In addition to the AS proportion, the average number of AS isoforms was also previously shown to be correlated with the size of gene families. It was shown that there were on average fewer AS isoforms in large gene families in both human and C. elegans [10, 11]. In order to investigate whether this phenomenon existed in our dataset, we calculated the average number of AS isoforms for different gene family sizes across different identity criteria as shown in Fig. 3. The big gene families (gene families having at least 8 paralogs) do have fewer AS isoforms in both human and mouse at all identity criteria. There are fewer AS isoform numbers in all sizes of gene families at higher identity criteria (>90 or >70). This is consistent with previous findings that the newly duplicated genes usually do not have AS [15]. On the other hand, at those lower identity criteria (>50, >30 or >10), the AS isoform numbers of those small and moderate gene families (gene family size no more than 7) increase and become larger than comparable singletons. It suggests that those anciently duplicated genes tend to evolve toward having more AS isoforms compared to those non-duplicated genes. Interestingly, we notice that there is a slight rise in the number of isoforms for those moderately sized gene families (gene family size 5 - 7) for both human and mouse, even at higher identity criteria (>90 and >70).

Figure 3
figure 3

Average number of AS isoforms. Average number of AS isoforms for singleton and duplicated genes across different identity criteria. For gene duplicates identified by >90 identity criterion (bars with darkest green) there is a decrease in the number of average AS isoforms compared to the number of average AS isoforms of singleton genes in both human and mouse. On the other hand, for those gene families identified by >30 or >10 identity criteria, the number of average AS isoforms in smaller gene families (≦7) is larger than singletons, which in turn is still larger than the average number in the big gene families (≧8).

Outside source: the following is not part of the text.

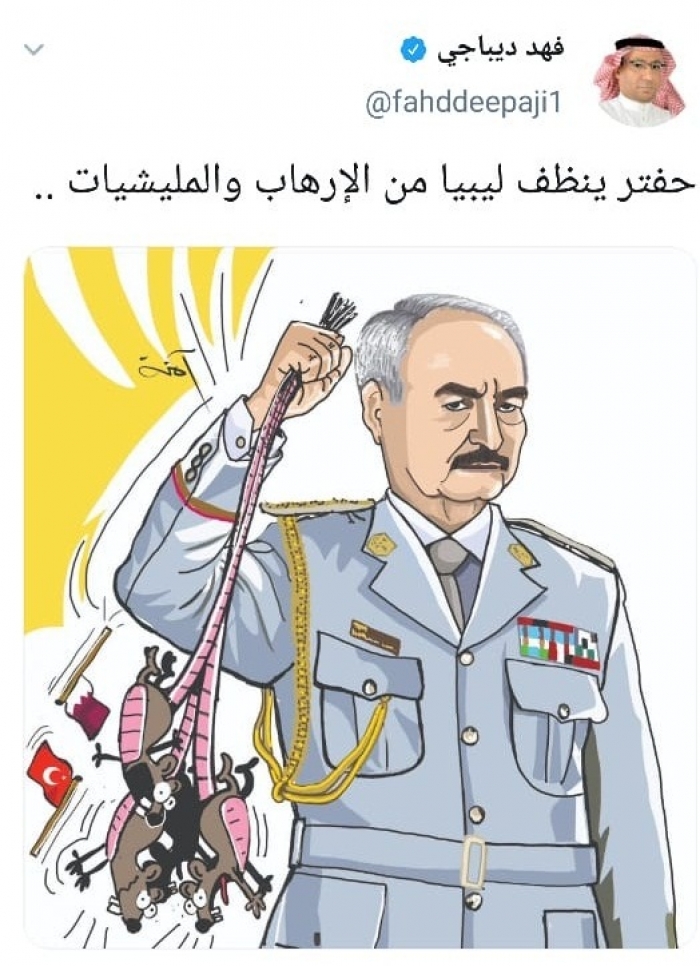 وقال في تغريدة عبر "تويتر" رصدها "المشهد العربي": "حفتر ينظف ليبيا من الإرهاب والمليشيات".

Features comparison among AS/no AS duplicates/singletons

The positive correlation between duplication and AS found at lower identity criteria indicates that there are genes that somehow tend to both gain duplication and undergo AS, while there are other genes that have neither in the long-term consideration. This suggests that there may be two extreme types of genes, one is more likely to become diverse whether through gene duplication or AS. The other type does not need to become diverse, and tends to remain as a single copy gene in the genome, and may also express only one transcript. In addition to these two extreme types of genes, there are still some genes which may gain either AS or duplication. We are interested in the differences in features between these four groups of genes which have not been examined in previous studies. In order to investigate these questions, we make comparisons among the following four groups: gene family where all of the members have AS (A_F), gene family where none of the members of the family has AS (N_F), AS singletons (A_S) and no AS singletons (N_S). We investigated the difference in protein length, domain number, evolutionary rate, and GO distribution in these four groups and found some significant and evident differences did exist.

Length of protein product

We plotted the distribution of protein length for all of these four groups of genes from human (Fig. 4). The average length of A_F is longer than N_S for both >10 and >50 identity criteria. We found that overall genes with AS were longer than those without AS. The same phenomena could be observed in mouse data as well (Additional file 1). This kind of difference was most evident for those duplicated gene families. We also found that the most recently duplicated genes without AS seems to be the shortest group. In a recent study, tandem exon duplications and following alternative splicing had been shown to increase the diversity of metazoans [20]. We propose that after gene duplication, some genes may have evolved to become longer (e.g. by exon duplication) and then gained AS, or they may have evolved to gain AS then became longer.

Figure 4
figure 4

Box plot of protein lengths. Protein length of four groups of genes: A_F, N_F, A_S, and N_S (for AS gene families genes, no AS gene families genes, AS singletons, no AS singletons, respectively) of human across three different identity criteria (>10, >50, >90). When comparing within the same identity and the same duplication status, the length of genes with AS are longer than genes without AS, and this tendency is especially obvious for duplicated genes (gene families) or at lower identity criterion (>10).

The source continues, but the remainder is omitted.